Es ist keine sehr große Gemeinde, die zur Stege-Kirke gehört. Daher ist es laut Pastorin auch besonders unangenehm, dass ein solcher Brief von einem „ehemaligen Kirchgänger“ verschickt wurde. Foto: Line Strand – TV2 ØST

Worüber sich die Pastorin am meisten wundert, ist, wer den Brief geschrieben haben könnte, weil der Absender sich als „ehemaliger Kirchgänger“ bezeichnet. Laut Lene Skov Opsahl hat Stege keine sehr große Gemeinde, und Stege ist auch eine relativ kleine Stadt, in der sich die meisten Menschen kennen.

„Es ist also sehr unangenehm, dass hier einige Menschen einen solchen Ausbruch gegen eine junge Frau machen, die wirklich gläubig ist und sich in der Kirchengemeinde und dem Jugendchor engagiert. Sie ist eine sehr vorbildliche junge Frau gegenüber vielen anderen jungen Mädchen“, sagt Lene Skov Opsahl zu TV2 ØST.
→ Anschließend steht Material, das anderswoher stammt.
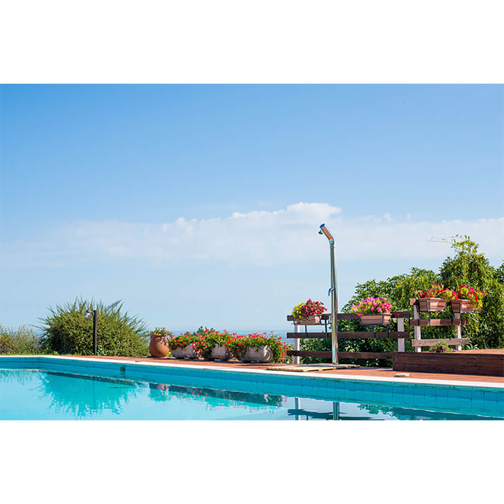 Traditionelle Außenpooldusche mit Mischer und Fußwascher 216,3x39,5xØ10cm ATI Docce UNI 1M Eloxierter Edelstahl
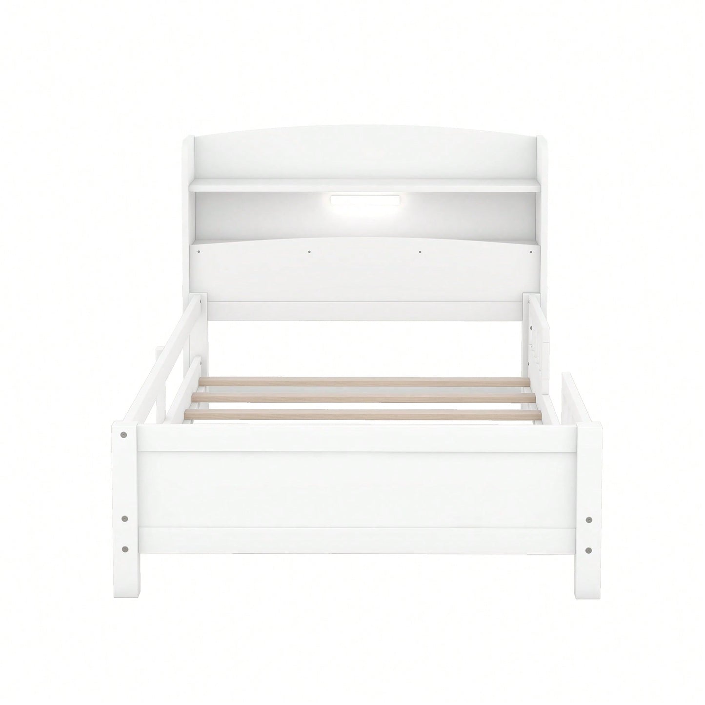 Twin Size Platform Bed With LED Lighting Storage Headboard And Safety Guardrail White
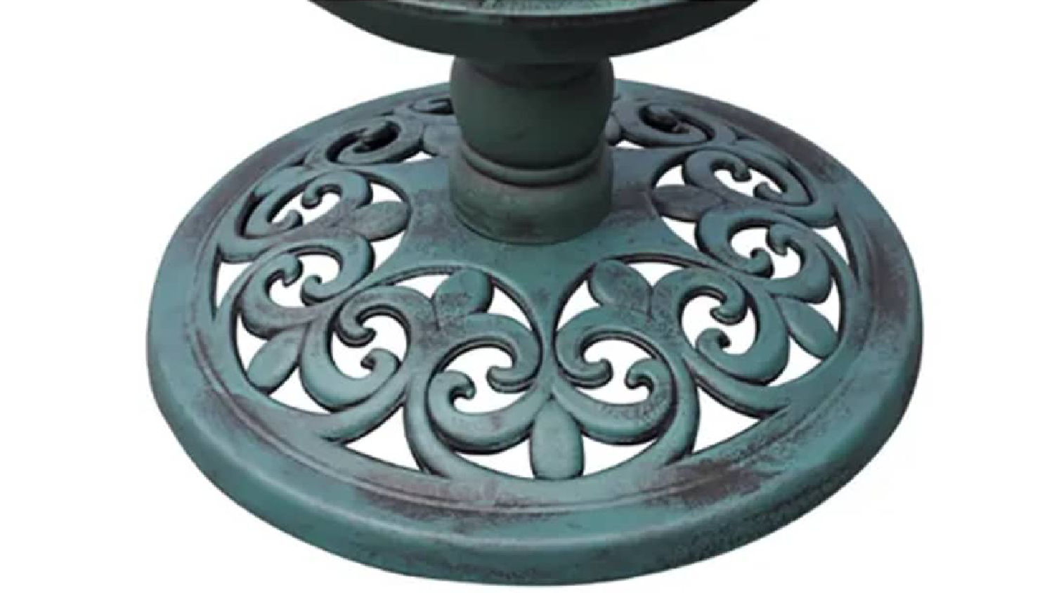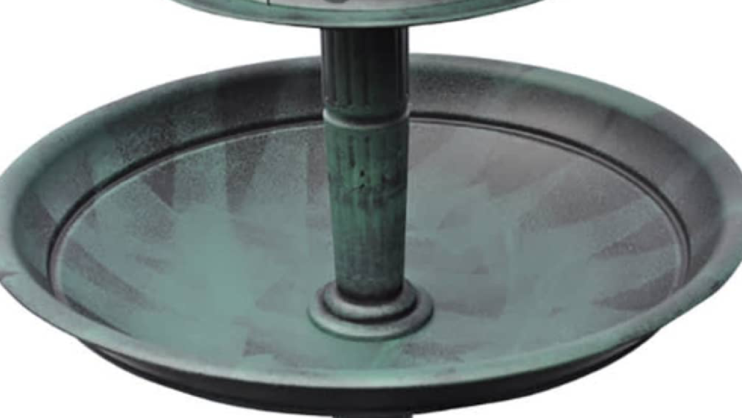 NNEVL Bird Bath with Feeder & Solar-Power Light - Copper Patina
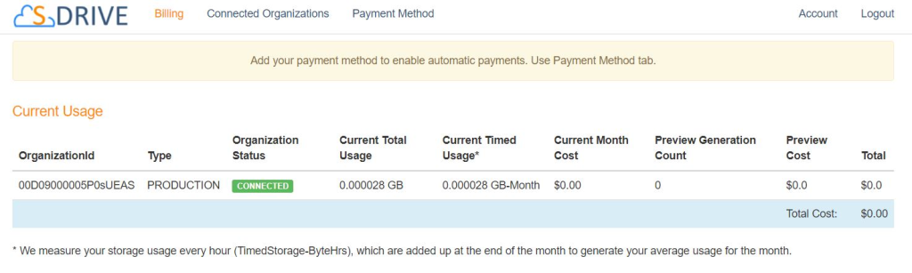 You can start by installing the S-Drive app and connecting your Salesforce org, for which you can back up data. Also, you’ll be able to track usage metrics and billing details so you can always have an idea about the cost.
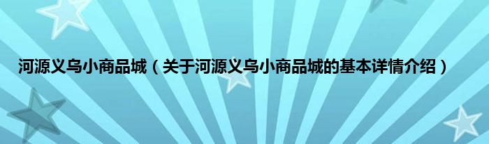 河源义乌小商品城(关于河源义乌小商品城的基本详情介绍)
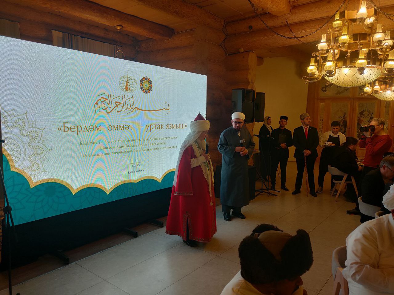 Вечером в национально-туристическом комплексе «Туган авылым» состоялся торжественный прием, посвященный 45-летию служения вере и Отечеству Верховного муфтия Талгата Сафа Таджуддина. Среди участников – председатель Высшего совета по делам Ислама в Королевстве Бахрейн Абдулрахман Мухаммед Рашид Аль Халифа; президент мусульманской общины Кералы Ибрагим Халиль Аль-Бухари (Индия); руководитель исполнительного комитета Всемирного конгресса татар Данис Шакиров и другие гости из стран ближнего и дальнего зарубежья, представители региональных духовных управлений, соратники Верховного муфтия. Мероприятие началось с чтения Священного Корана. Шейх-уль-Ислам на арабском языке рассказал о том, как свет Ислама распространился из Волжской Булгарии по территории нашей страны, и о том, как сегодня живут отечественные мусульмане. Концертная программа состояла из выступлений мастеров искусств и самодеятельных коллективов Татарстана. В многочисленных поздравлениях звучали слова признательности Верховному муфтию – признанному духовному лидеру, имеющему огромный авторитет в России и во всём мире.

Es hat Arejal Haddad sehr geholfen, dass sie von der Pastorin so viel Unterstützung erhalten hat. Arejal Haddad ist auch sehr besorgt, dass der Brief von einem anonymen Absender stammt. „Ich fühle mich wirklich nicht sehr gut dabei. Für mich wäre es besser gewesen, wenn ich der Person gegenüberstehen und mit ihr sprechen könnte. Wenn die Person es mir ins Gesicht gesagt hätte, wäre ich besser in der Lage gewesen, mich darauf zu beziehen und zu fragen, was das Problem ist – jetzt greifen sie mich nur noch an und schreiben rassistische Dinge über meine ethnische Zugehörigkeit“, sagt sie.

Arejal Haddad wurde bei den Kirchengemeinderatswahlen im September 2020 als einer der jüngsten Gemeinderatsvorsitzenden des Landes gewählt. Sie betont, dass ein Brief dieser Art ihre Arbeit als Vorsitzende nicht beeinträchtigen wird.